--- Task data ---

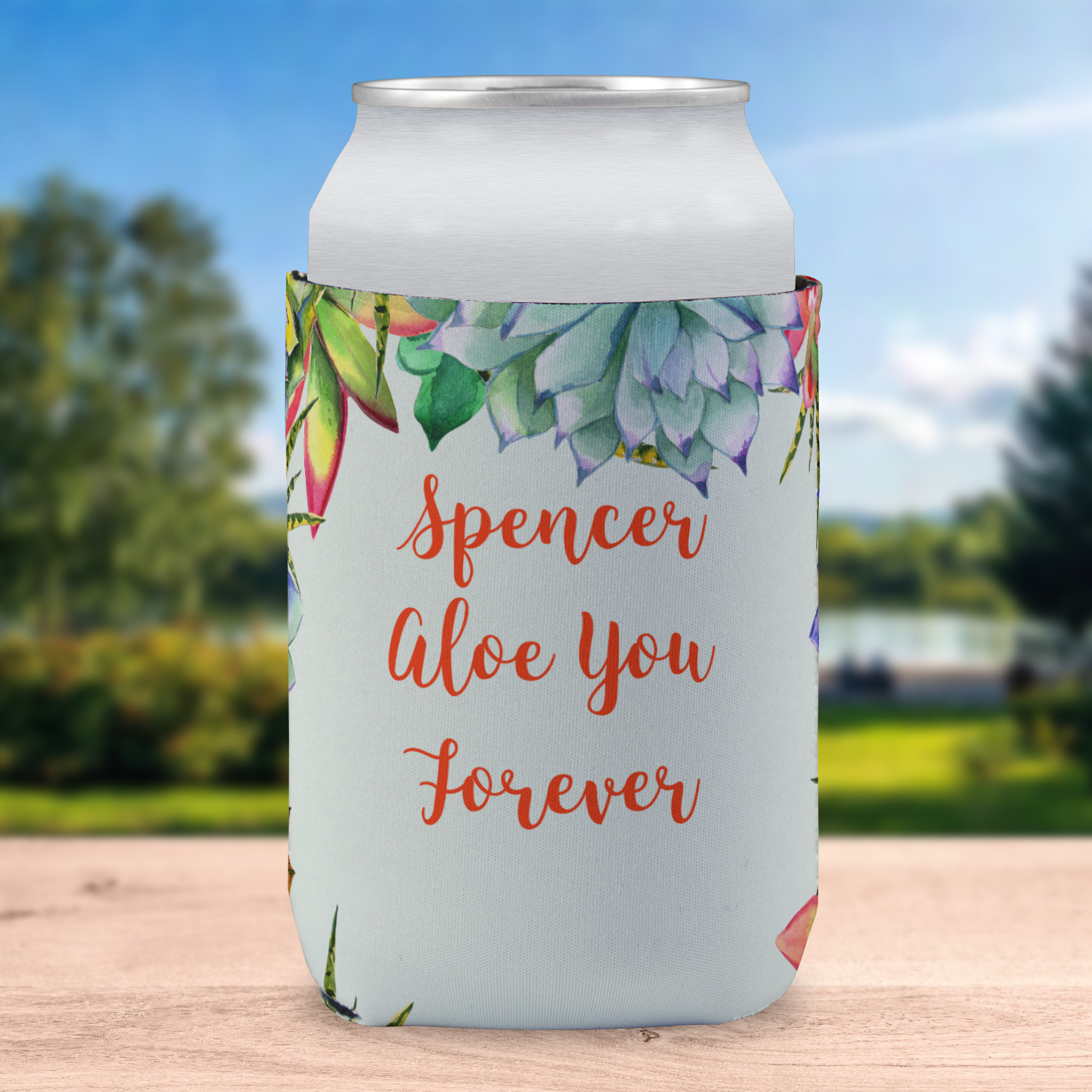 This design is made up of a beautiful frame of succulent illustrations. Because of the nature of the frame, this design will look different on every product. The background is a calming light green. The middle text says "Spencer, Aloe You Forever", which can easily be personalized to your own name or someone else's. You will find orange, green, purple, pink, and orange in this lovely design.
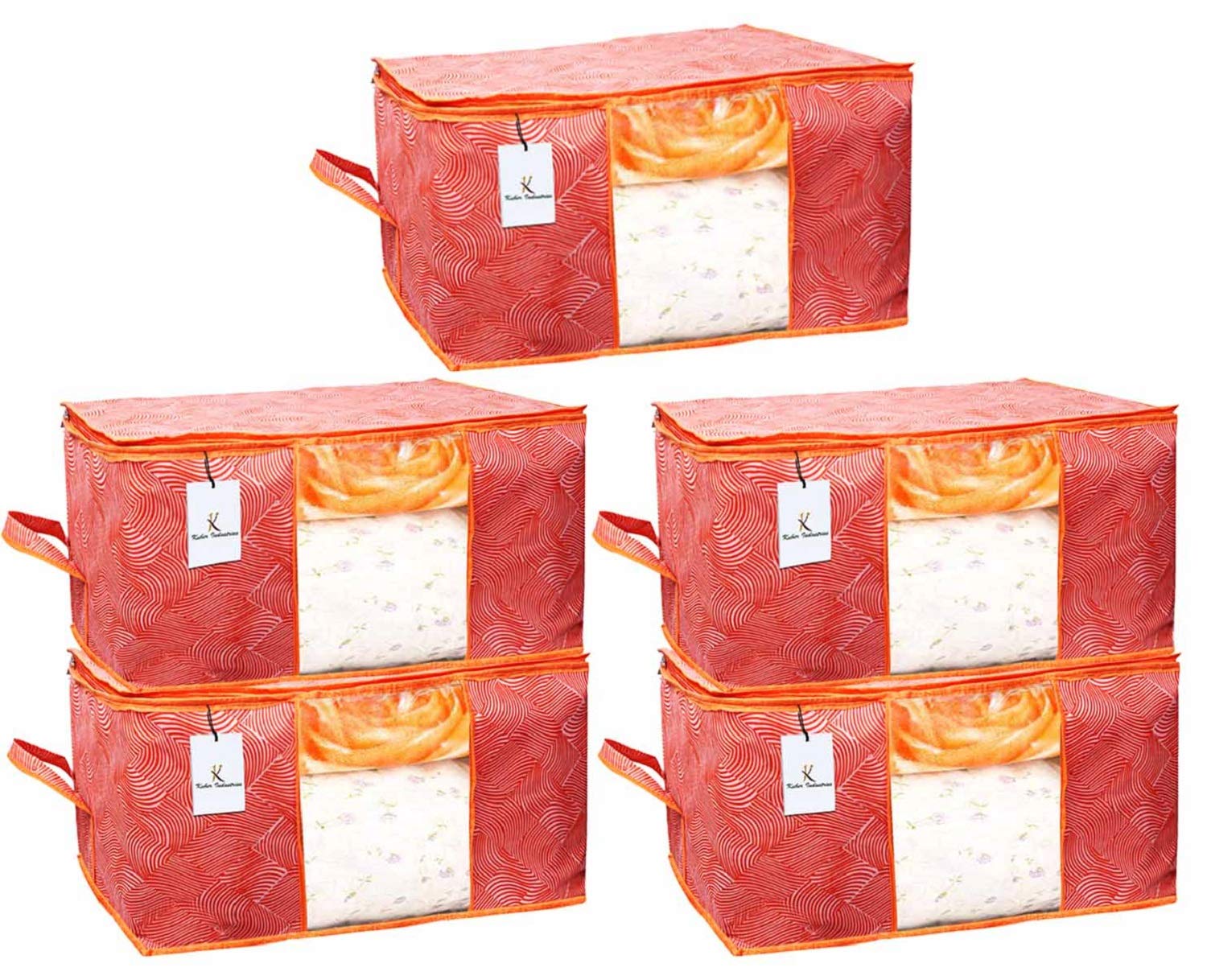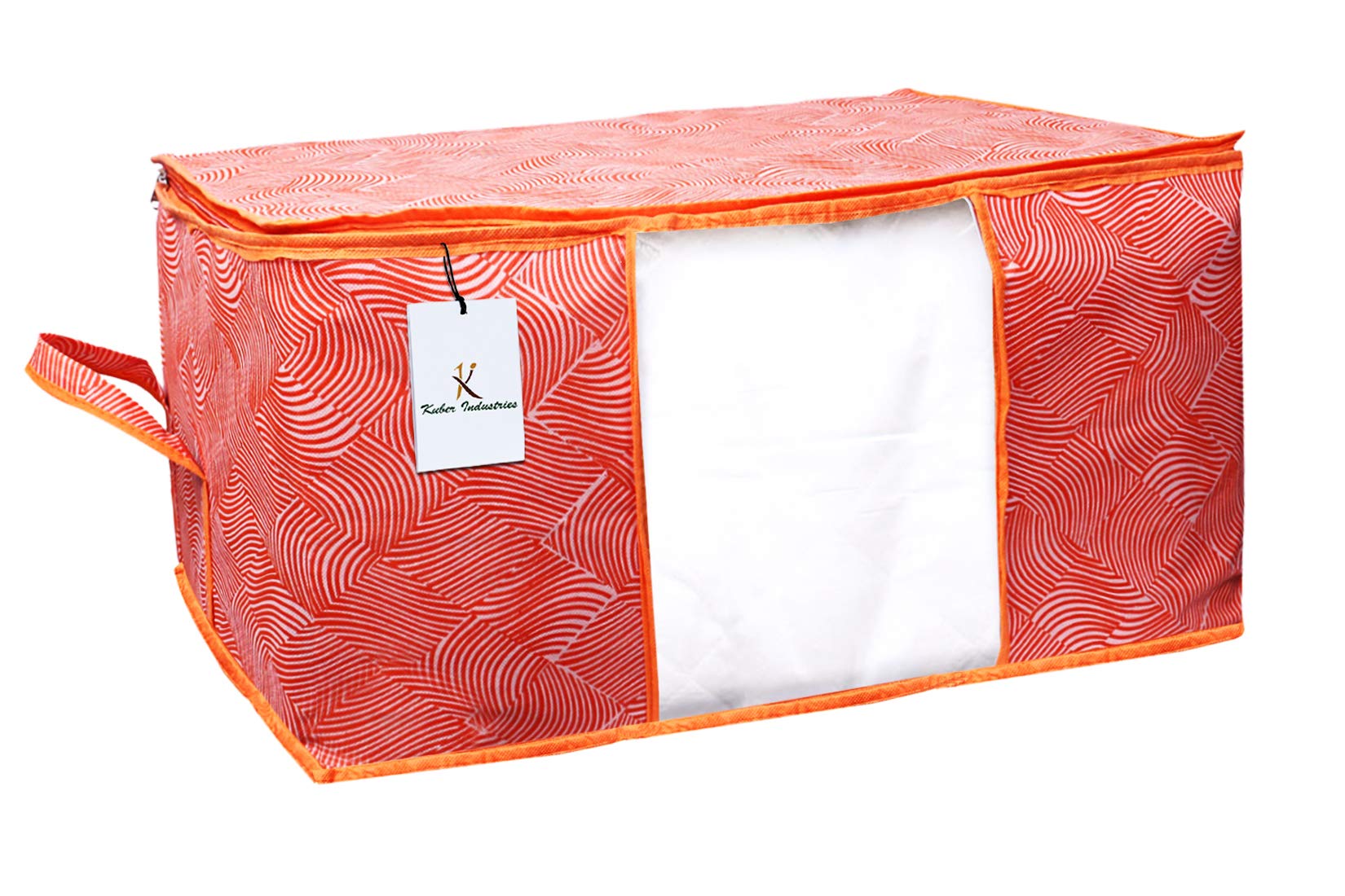 Folding, durable and non woven fabric, easy storage fabric sweater clothes blanket storage bag suitable for storing clothes, blankets, sweater, quilts, coats and other. Easy to organize all your stuff and take out your clothes from mildew, dust, moisture, insects, anti-discoloration as they are well stored. Material - non woven fabric, colour - orange, dimensions - 65 x 47 x 33 cm. Design- plain. Package contents: 5 underbed storage bag. Carefully stitched to offer additional strength. Transparent see-through window for easy identification of contents.Kuber Industries is a customer-loved brand that brings you everything you need to make a house a home. Right from nifty storage solutions to smart kitchen essentials, our products are known for their premium and durable quality.
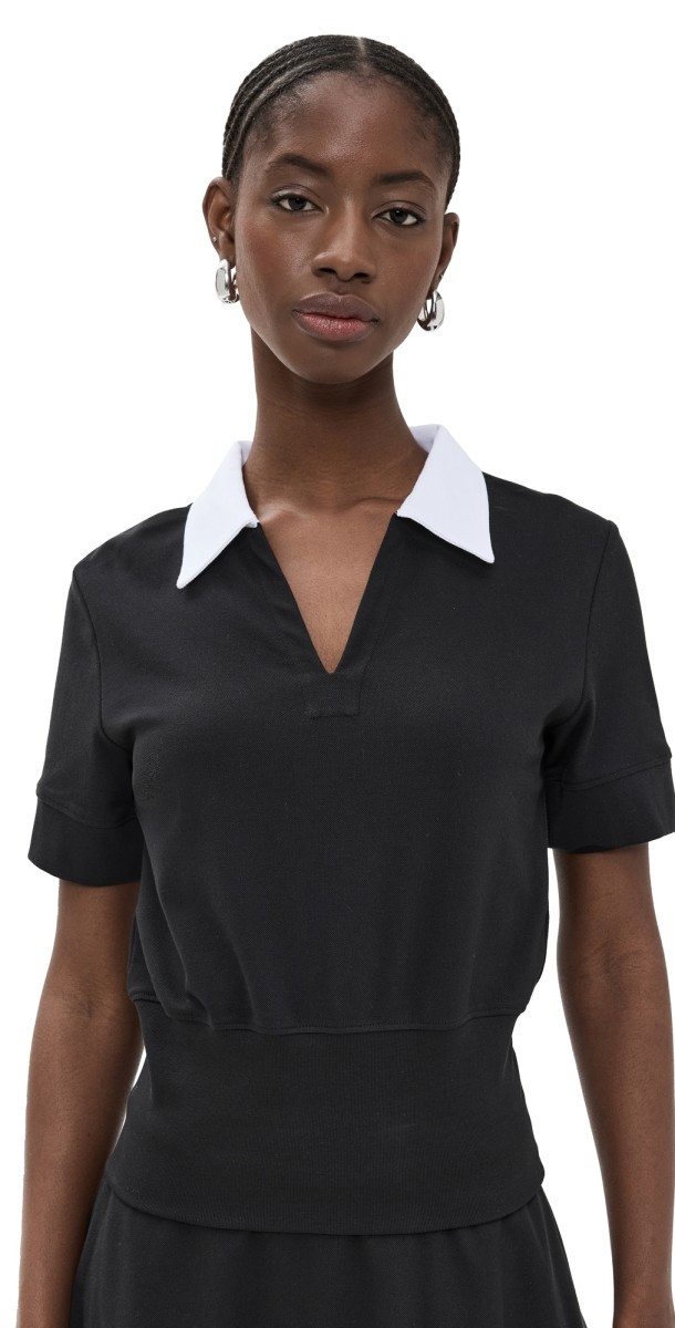 Fabric: Mid-weight, super-stretch weave. Contrast trim. Collared neck. Short sleeves. Shell: 74% cotton/26% spandex. Dry clean. Imported, China. Measurements: Measurements from size XS Length: 21.75in / 55.0cm, from shoulder
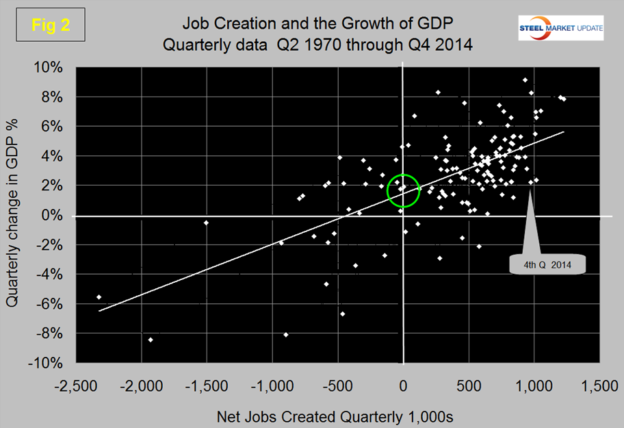 Job creation in Q4 2014 and by extension through Q1 2015 was much higher than the relationship with GDP suggests, meaning that we can expect a decline in job creation in the current 2nd Q of 2015. The intersect between GDP and job creation shown in Figure 2 looks very much like the relationship between the growth of both steel and cement consumption and GDP. It is necessary to achieve a GDP growth of around 2 percent to get any growth in employment or in steel or in cement. We don’t understand the reason for these intercepts but they appear to be a long term fact.
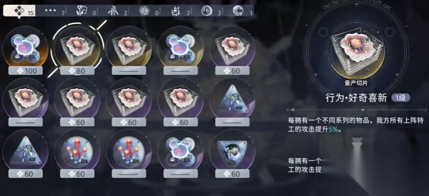 除了对角色有练度要求,还需要角色有一定卡带基础,每通关一个难度都会解锁一些可移植现实,初始的两种可移植现实是保护色和过滤腮。保护色第一个效果是进入后立刻获得一百个异石碎片,第二个效果是获得三件量产切片,随机的三件量产切片能有效提升前期的伤害,特别是队伍练度较低时提升会更加明显。

---

→ Problem description
Your reply should be the lines of the records from the start through the line with "Fabric: Mid-weight, super-stretch", copied word for word, pictures omitted.

→ Answer for the task
 This design is made up of a beautiful frame of succulent illustrations. Because of the nature of the frame, this design will look different on every product. The background is a calming light green. The middle text says "Spencer, Aloe You Forever", which can easily be personalized to your own name or someone else's. You will find orange, green, purple, pink, and orange in this lovely design.
 Folding, durable and non woven fabric, easy storage fabric sweater clothes blanket storage bag suitable for storing clothes, blankets, sweater, quilts, coats and other. Easy to organize all your stuff and take out your clothes from mildew, dust, moisture, insects, anti-discoloration as they are well stored. Material - non woven fabric, colour - orange, dimensions - 65 x 47 x 33 cm. Design- plain. Package contents: 5 underbed storage bag. Carefully stitched to offer additional strength. Transparent see-through window for easy identification of contents.Kuber Industries is a customer-loved brand that brings you everything you need to make a house a home. Right from nifty storage solutions to smart kitchen essentials, our products are known for their premium and durable quality.
 Fabric: Mid-weight, super-stretch weave. Contrast trim. Collared neck. Short sleeves. Shell: 74% cotton/26% spandex. Dry clean. Imported, China. Measurements: Measurements from size XS Length: 21.75in / 55.0cm, from shoulder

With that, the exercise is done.